[Supplied information]
'''

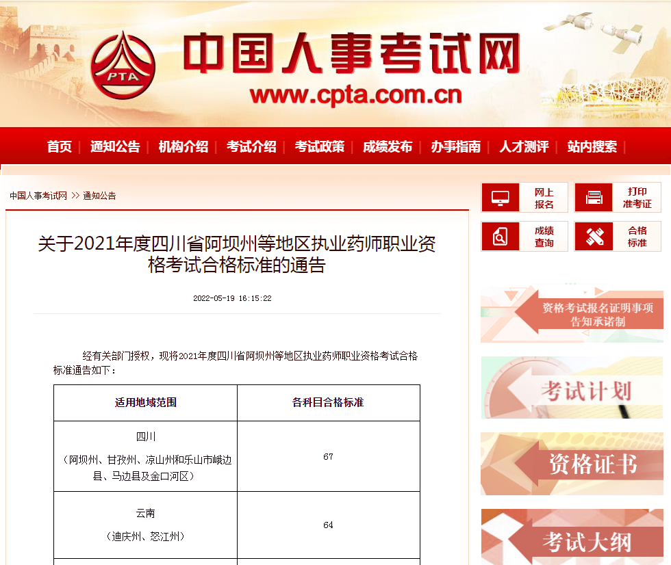 关于2021年度四川省阿坝州等地区执业药师职业资格考试合格标准的通告
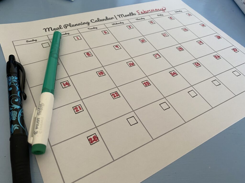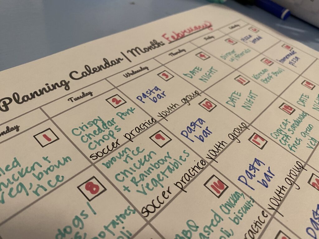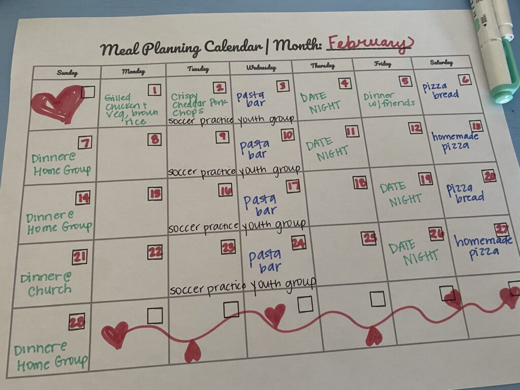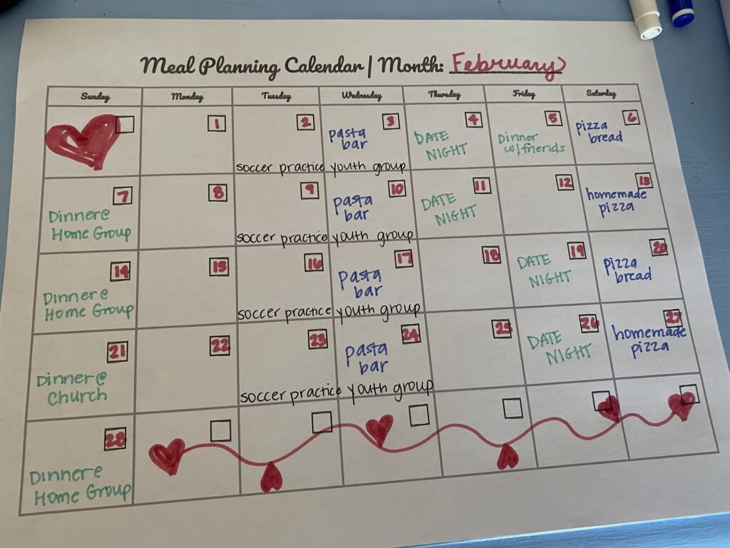 For this post, I’m pretending to plan meals for an imaginary February that looks something like our life right now. You may have more or less things going on than we do, but that’s the beauty of this system! It works for whatever your life looks like.
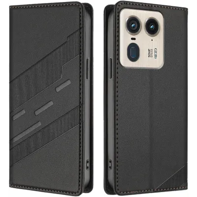 Phonesta Embossed Lines Book Wallet Klapphülle für Motorola Edge 50 Ultra - Schwarz
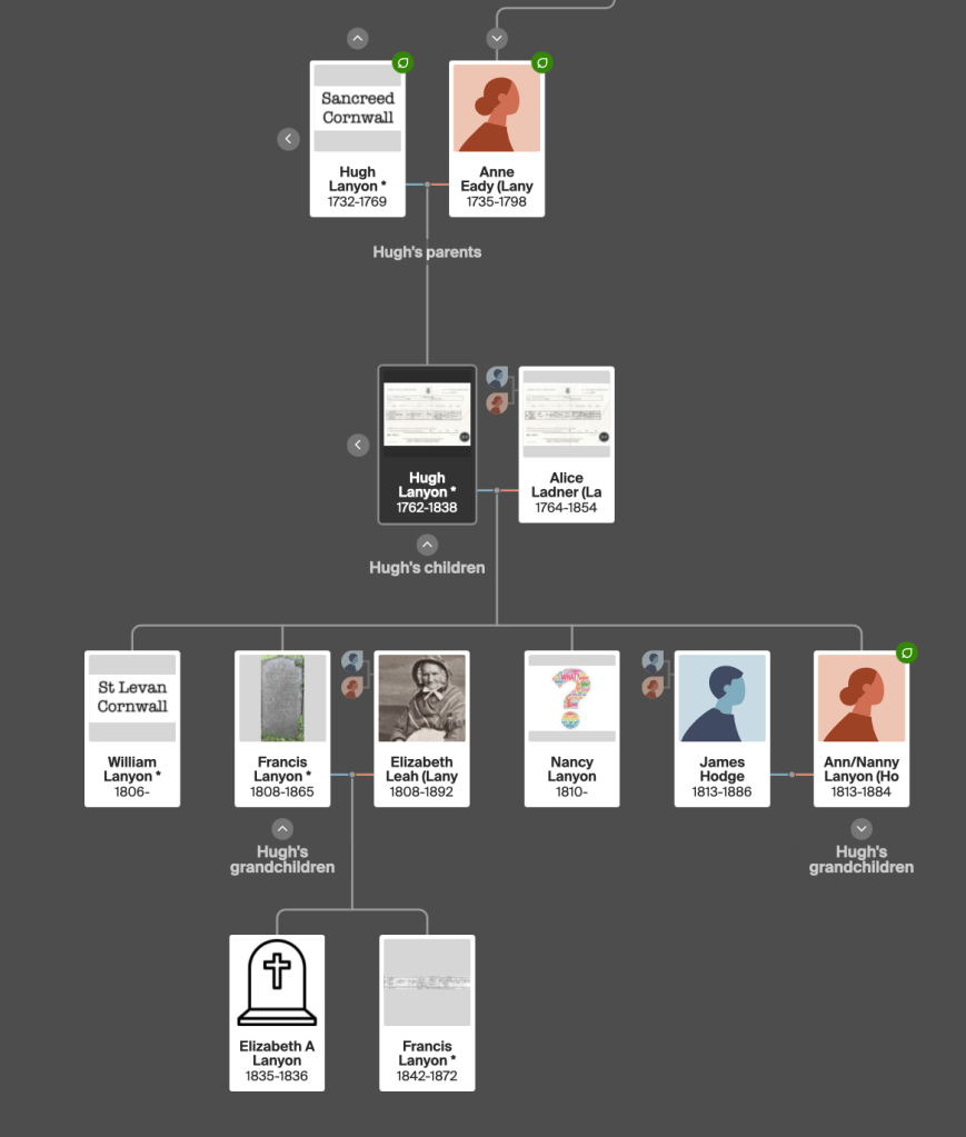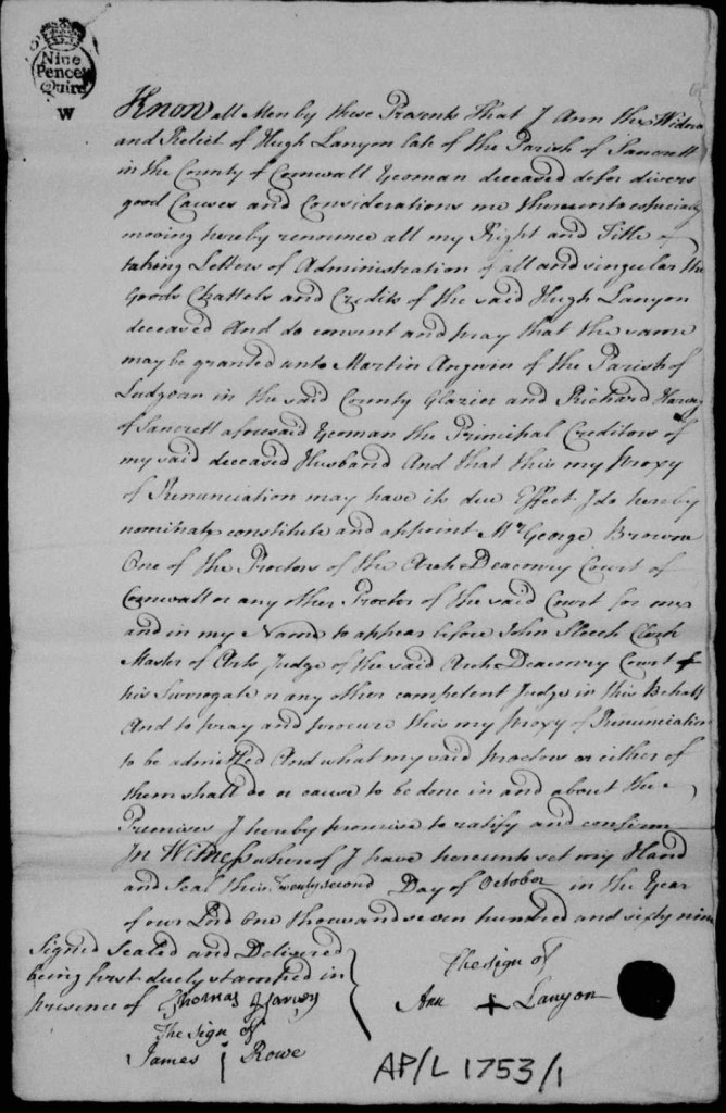 Hugh was baptised at Zennor in 1732. In 1762 he married Anne Eady at Sancreed and they had two sons, Hugh and Ralph. Hugh senior was a yeoman which meant he owned some land. Hugh died in 1769 when his youngest son was just two. He died intestate and his wife renounced administering his estate to Martyn Angwin, Richard Harvey and William Lanyon 1725-1770 (her brother-in-law) his principal creditors.

'''

[Work required]
Every line above must be printed again exactly, pictures excluded.

[Your solution]
 关于2021年度四川省阿坝州等地区执业药师职业资格考试合格标准的通告
 For this post, I’m pretending to plan meals for an imaginary February that looks something like our life right now. You may have more or less things going on than we do, but that’s the beauty of this system! It works for whatever your life looks like.
 Phonesta Embossed Lines Book Wallet Klapphülle für Motorola Edge 50 Ultra - Schwarz
 Hugh was baptised at Zennor in 1732. In 1762 he married Anne Eady at Sancreed and they had two sons, Hugh and Ralph. Hugh senior was a yeoman which meant he owned some land. Hugh died in 1769 when his youngest son was just two. He died intestate and his wife renounced administering his estate to Martyn Angwin, Richard Harvey and William Lanyon 1725-1770 (her brother-in-law) his principal creditors.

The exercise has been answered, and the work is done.